Exercise:
What is needed is an exact repetition of the lines below, from the first one through the one holding "ぽくぽくムニャムニャナーナムナム きりん組 | |||", with no pictures and nothing else.

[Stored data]
<<<<
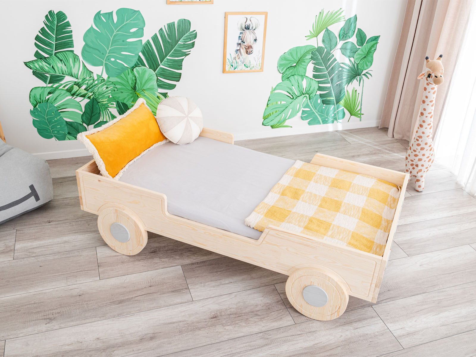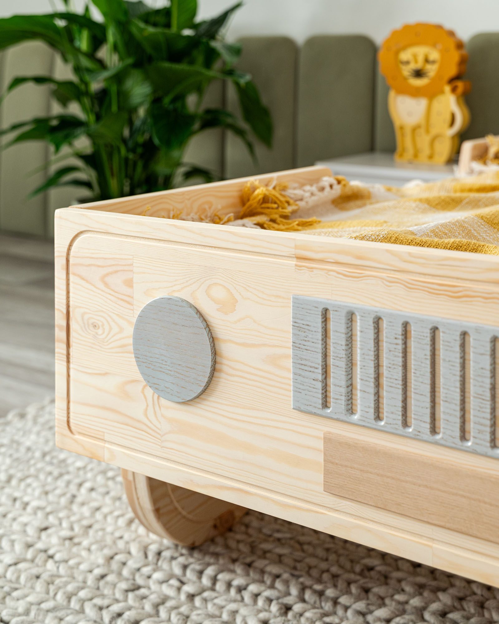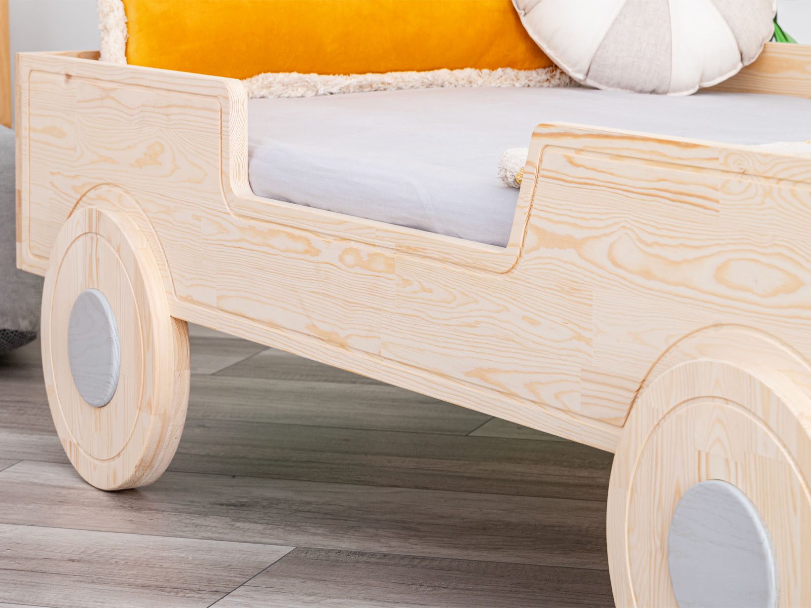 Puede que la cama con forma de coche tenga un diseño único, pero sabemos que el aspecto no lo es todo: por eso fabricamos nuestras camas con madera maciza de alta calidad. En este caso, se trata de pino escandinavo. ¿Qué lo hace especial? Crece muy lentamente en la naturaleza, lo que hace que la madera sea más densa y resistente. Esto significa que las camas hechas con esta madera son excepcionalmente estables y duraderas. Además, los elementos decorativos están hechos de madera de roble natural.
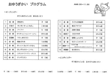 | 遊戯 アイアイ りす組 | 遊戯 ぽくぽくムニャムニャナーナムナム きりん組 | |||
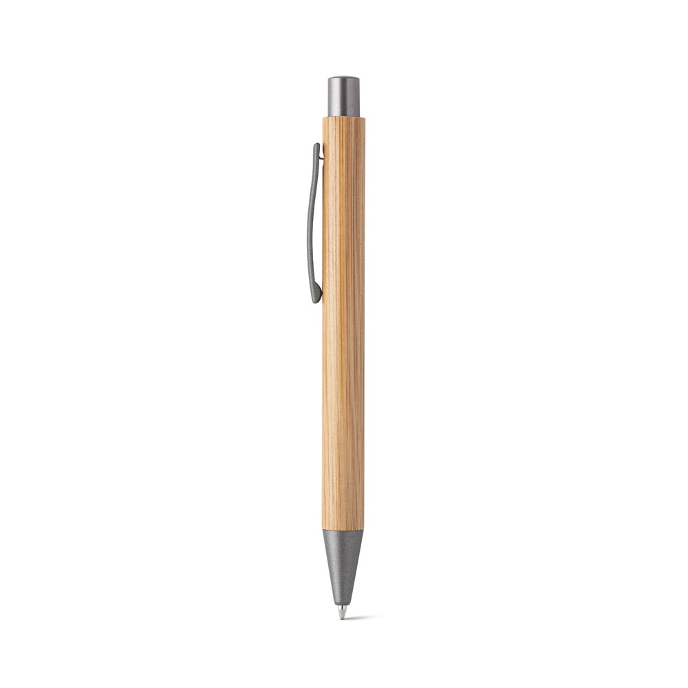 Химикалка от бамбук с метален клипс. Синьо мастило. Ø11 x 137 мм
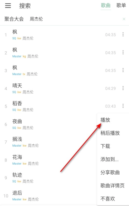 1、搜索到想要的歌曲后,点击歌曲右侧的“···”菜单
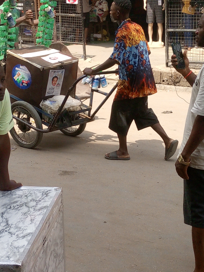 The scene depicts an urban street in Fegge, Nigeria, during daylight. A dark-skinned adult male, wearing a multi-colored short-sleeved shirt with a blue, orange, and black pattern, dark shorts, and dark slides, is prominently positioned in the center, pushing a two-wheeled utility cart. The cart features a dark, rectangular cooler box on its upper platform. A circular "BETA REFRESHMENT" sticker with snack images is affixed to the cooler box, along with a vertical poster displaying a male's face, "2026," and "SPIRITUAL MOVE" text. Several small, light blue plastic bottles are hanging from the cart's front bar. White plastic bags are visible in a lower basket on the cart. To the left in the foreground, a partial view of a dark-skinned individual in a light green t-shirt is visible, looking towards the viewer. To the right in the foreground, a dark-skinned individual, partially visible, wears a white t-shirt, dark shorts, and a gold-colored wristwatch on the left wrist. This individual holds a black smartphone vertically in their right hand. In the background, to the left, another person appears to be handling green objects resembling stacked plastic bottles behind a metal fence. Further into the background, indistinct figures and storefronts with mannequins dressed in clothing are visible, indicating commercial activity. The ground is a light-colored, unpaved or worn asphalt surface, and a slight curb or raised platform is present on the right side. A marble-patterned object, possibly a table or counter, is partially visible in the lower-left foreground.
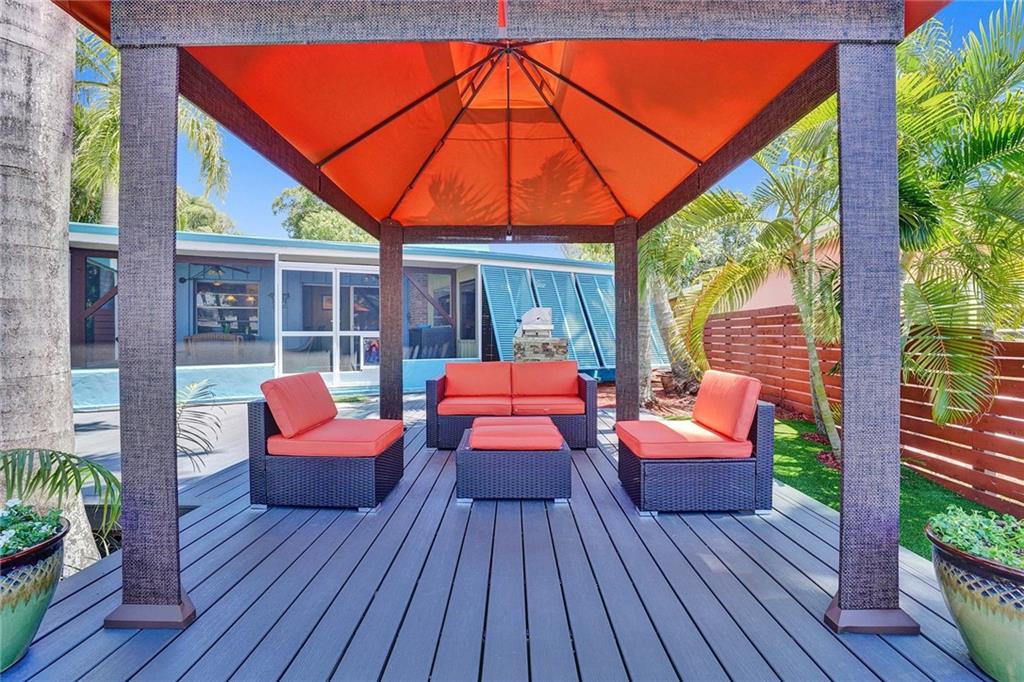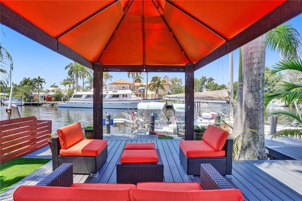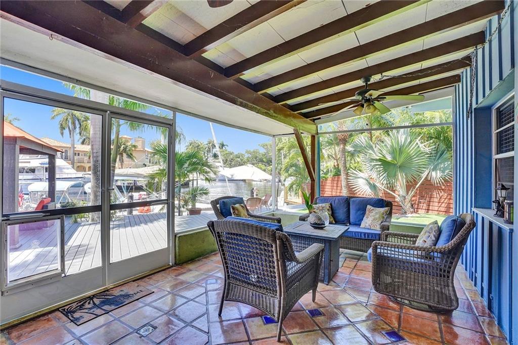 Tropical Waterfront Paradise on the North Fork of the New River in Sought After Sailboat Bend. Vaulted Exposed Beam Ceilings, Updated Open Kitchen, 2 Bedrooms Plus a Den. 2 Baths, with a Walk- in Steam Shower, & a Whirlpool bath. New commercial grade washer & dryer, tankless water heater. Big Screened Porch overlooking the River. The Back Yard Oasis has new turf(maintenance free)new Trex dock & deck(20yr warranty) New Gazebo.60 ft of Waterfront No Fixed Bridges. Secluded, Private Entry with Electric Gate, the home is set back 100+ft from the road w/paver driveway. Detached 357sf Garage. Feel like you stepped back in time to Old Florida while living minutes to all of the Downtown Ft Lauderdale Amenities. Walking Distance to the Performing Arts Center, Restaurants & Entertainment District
>>>>
Solution below:
 Puede que la cama con forma de coche tenga un diseño único, pero sabemos que el aspecto no lo es todo: por eso fabricamos nuestras camas con madera maciza de alta calidad. En este caso, se trata de pino escandinavo. ¿Qué lo hace especial? Crece muy lentamente en la naturaleza, lo que hace que la madera sea más densa y resistente. Esto significa que las camas hechas con esta madera son excepcionalmente estables y duraderas. Además, los elementos decorativos están hechos de madera de roble natural.
 | 遊戯 アイアイ りす組 | 遊戯 ぽくぽくムニャムニャナーナムナム きりん組 | |||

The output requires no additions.